As a general rule, persons holding executive, overall management, oversight or control functions (eg, a member of the board, CEO, compliance officer, risk officer or their deputies) in regulated companies such as banks, insurance companies, securities firms, fund management companies, managers of collective assets or asset managers are required to demonstrate to FINMA that they have sufficient relevant work experience and education. As proof, FINMA requests current CVs, diplomas, certifications and contact details of references. The scope and nature of the future business activity and the size and complexity of the company in question also need to be considered.

Furthermore, client advisers of so-called financial service providers (eg, investment advisers) must have sufficient expertise on the code of conduct and the necessary expertise required to perform their work. Client advisors often prove that these requirements have been met by successfully attending special courses. In addition, insurance intermediaries registered with FINMA’s insurance intermediary register have to prove that they have undergone sufficient education and have sufficient qualifications.
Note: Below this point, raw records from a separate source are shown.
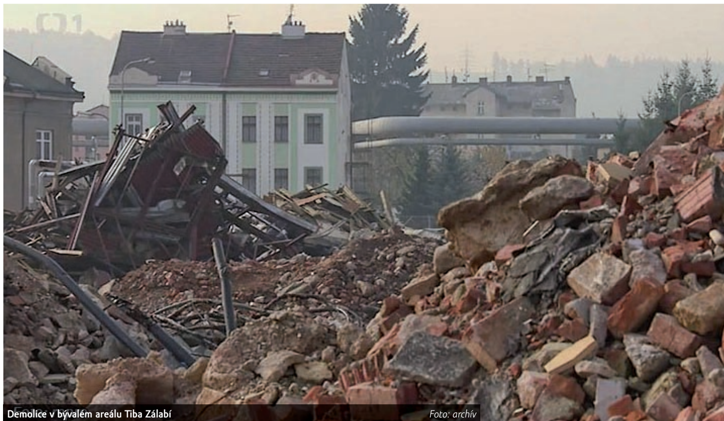
Demolice v bývalém areálu Tiby Zálabí

Do roku 1930 tu existovalo asi 17 textilních firem. Po druhé světové válce, 1. ledna 1946, vznikla textilka Tiba sloučením několika znárodněných závodů na výrobu potištěných tkanin.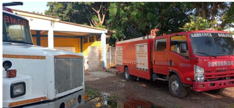
Denuncian que no tienen un salario digno ni seguridad social, y tampoco las condiciones mínimas de trabajo.

En estos momentos el Cuerpo de Bomberos voluntarios de Barrancas no tienen ningún ingreso de sustento para sus familias, a pesar de tener firmado un convenio con la Alcaldía municipal para el giro de la sobretasa bomberil. Por todos estos acontecimientos, invitaron al alcalde municipal para que haga los giros.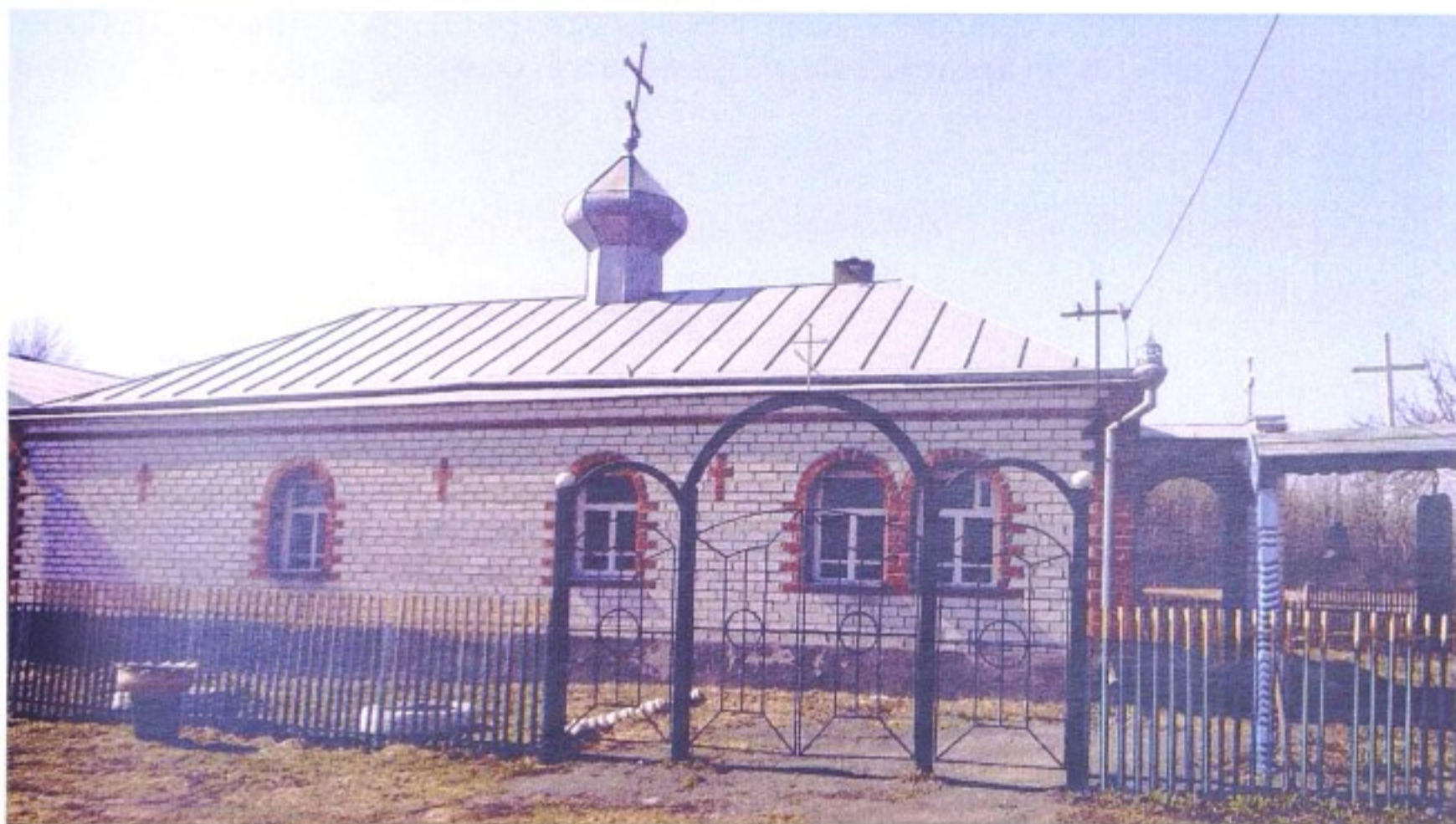
Храм иконы Божией Матери Всех скорбящих Радость с.Останино

До 1924 г. село Останино входило в состав Тимского уезда, с 1924 г. – в Щигровский уезд, с 1928 г. – в Солнцевский р-н, с 1935 г. – Мантуровский р-н, с 1963 г. – Солнцевский р-н, с 1964 г. – в Тимский р-н, с 1977 г. – Мантуровский р-н.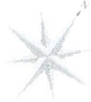
龍神温泉郷保養温泉地位置図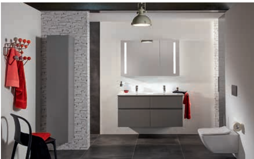
Verity von Meisterbad: geradliniges Design in europäischer Spitzenqualität

Hobbyplaner und Wellnessprofis. 65 der besten Installationsbetriebe Österreichs haben nach einem Weg gesucht, wie sich das Kundenbedürfnis nach Online-Shopping mit den speziellen Erfordernissen der Badezimmgestaltung vereinen lässt, und daraus die Marke Meisterbad entwickelt. Wer www.meisterbad.at öffnet, wird zu allererst einmal von schönen Badfotos inspiriert. Man findet Tipps zu wichtigen Themen wie Renovierung, barrierefreie Gestaltung oder auch zu praktischen Accessoires. Eine intuitiv zu bedienende Planungs-App lädt jeden dazu ein,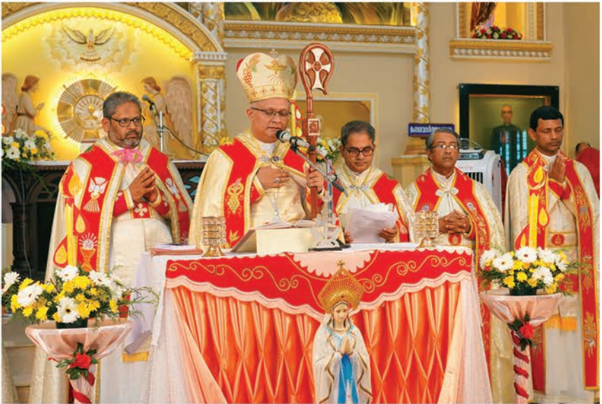
ദൈവാസൻ ആന്റണി തച്ചുപറമ്പിലച്ചന്റെ തുശൂർ അതിരൂപത നാമകരണ കോടതി നടപടികൾ സമാപനം (2020 ഡിസംബർ 8 : ചേലക്കര)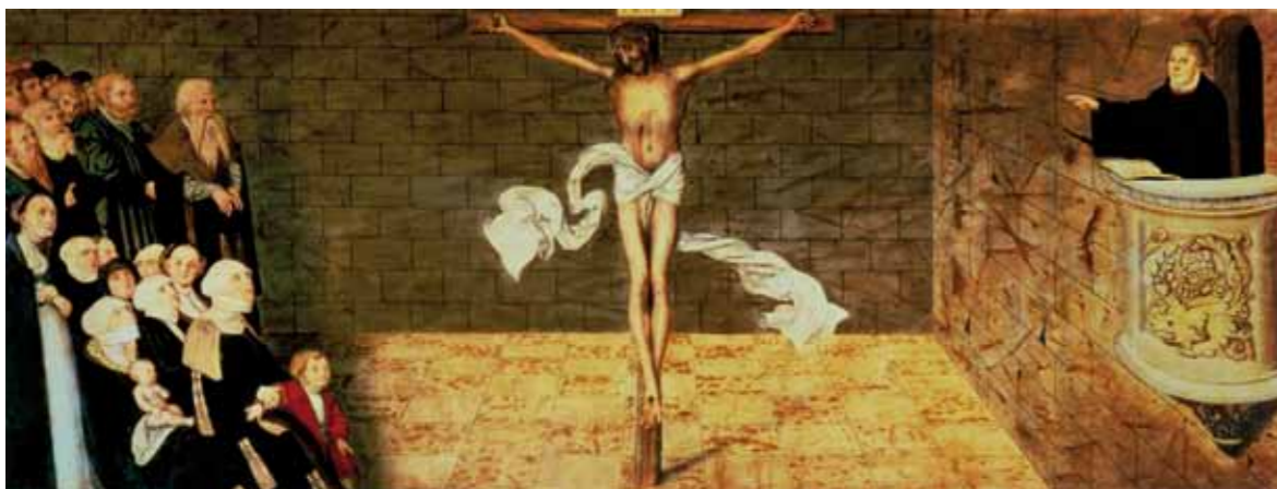
Bilder: Predella (= unterer Teil) des Reformationsaltars von Lucas Cranach dem Älteren und seinem Sohn, Lucas Cranach dem Jüngeren; vollendet 1547. Oben: Ausschnitt daraus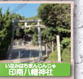
11 いなひはちまんじんじや 印南八幡神社 印南八幡神社の例祭は、400年以上の歴史があるといわれ、秋になると紀南地方の先陣をきって、印南八幡と山口八幡の例祭が行われる。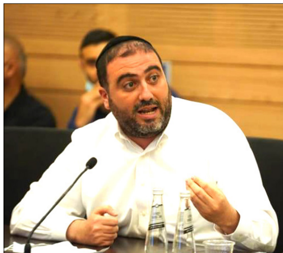
« החלטה מקומית דרמטית. שר הפנים משה ארבל

כיום, דרעי לא רק שותף לקבינט המצומצם, הוא נוכח גם בדיונים המקצועיים ביותר, כולל אלו שנערכים בהשתתפות ראש הממשלה ובכירי מערכת הביטחון בלבד. ככלל, במערכת הביטחון מספרים על ערוץ ישיר ויעיל במיוחד בין יו"ר ש"ס ובין ראש המוסד וראש השב"כ, ערוץ שסייע להעביר לא מעט מההחלטות הרגישות בתקופה האחרונה.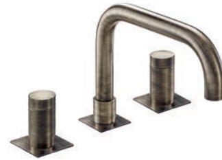
Rubinetto lavabo Basin tap Robinet lavabo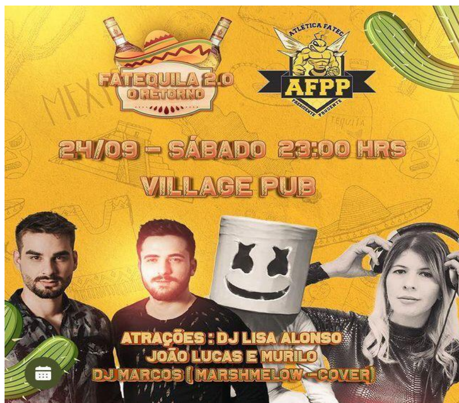
Figura 28. Anúncio atrações do evento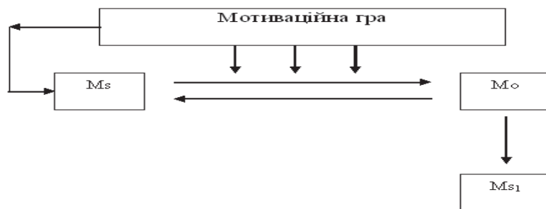
Схема II сценарію.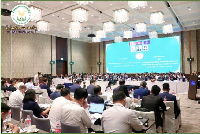
រូបភាព៖ វេទិកាសាធារណៈស្តីពីការផ្សព្វផ្សាយច្បាប់ស្តីពីហិរញ្ញវត្ថុសម្រាប់ គ្រប់គ្រងឆ្នាំ២០២៤។

For this purpose, FINMA has published a list of different Swiss and foreign educational qualifications deemed to be sufficient on its website.

Last updated on 16/04/2024

10. Are there any circumstances in which notifications relating to the employee or their conduct will need to be made to local or international regulators?
 

10. Are there any circumstances in which notifications relating to the employee or their conduct will need to be made to local or international regulators?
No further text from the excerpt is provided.